Monday, March 15, 2010

Messy Monday














(Photo courtesy of MissTorRee/Flickr)

4 comments:

  1. Malia waited at the back of the line underneath the dome's greenish tint through which the sun illuminated the red Martian rock. People clumped together in the line outside the precinct's squat building.

    "What's taking them so long?" asked a man wearing coveralls, a rebreather engineer. People muttered, some of them cutting to join someone they knew. Chatting. Malia was alone.

    People emerged from the precinct, always alone, with blue dye dripping from their arms. Workers in their coveralls, grandmotherly figures with their white hair turning bluish, and children. Everyone got their chance to vote. Well, almost everyone.

    Her right arm itched from standing in the ultraviolet radiation. Only two more people, a boy and his mother, before her. She took a deep breath and eyed the people with thick viscous gel running down their arms. She was next. They waved her in.

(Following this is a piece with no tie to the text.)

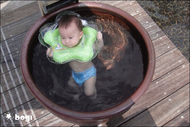 礁溪老爺的個人「碗公池」真棒,一個碗公一個人,小波吉在裡面好開心啊

    The boy and his mother stood beside an industrial-sized metal barrel with a blue -- unnatural -- liquid in it. The precinct administrator dunked the boy's arm into the vat.

    "But, why mom?"

    "It's the shape snakes dear. They're allergic to the blue marker and this will ensure the election is fair. We can't let them vote." Malia shuddered at the mother's comment, allergic meant it would leave them convulsing on the ground until they died within minutes.

    The boy giggled, "It tickles."

    "That's nice dear."

    Malia voted and then stood before the precinct administrator and glared at his eyes, blue eyes, rare here on Mars, and she dunked her arm into the vat.

    "Do you want an 'I voted' sticker?"

    "No thanks, I've got the marker."

    She left the election precinct following the wind, watching the drips from her arm and holding it out at an awkward angle so that none of the liquid would drip on her. Once out of sight of the line of voters, she ducked into an alley and peeled the skin from her elbow and below off. She closed her eyes and morphed her skin growing the nose out, adding some curl to her hair, and decreasing her height. She looked like any other citizen. She donned another elbow-length glove and matched her skin tone to it. "Won't let us vote, we'll see how that goes."

    ReplyDelete
  2. Wow Aidan! That's a take I never would've guessed. Bravo! ☺

    ReplyDelete
  3. Thanks. I sometimes find picture prompts difficult, but this one spoke to me.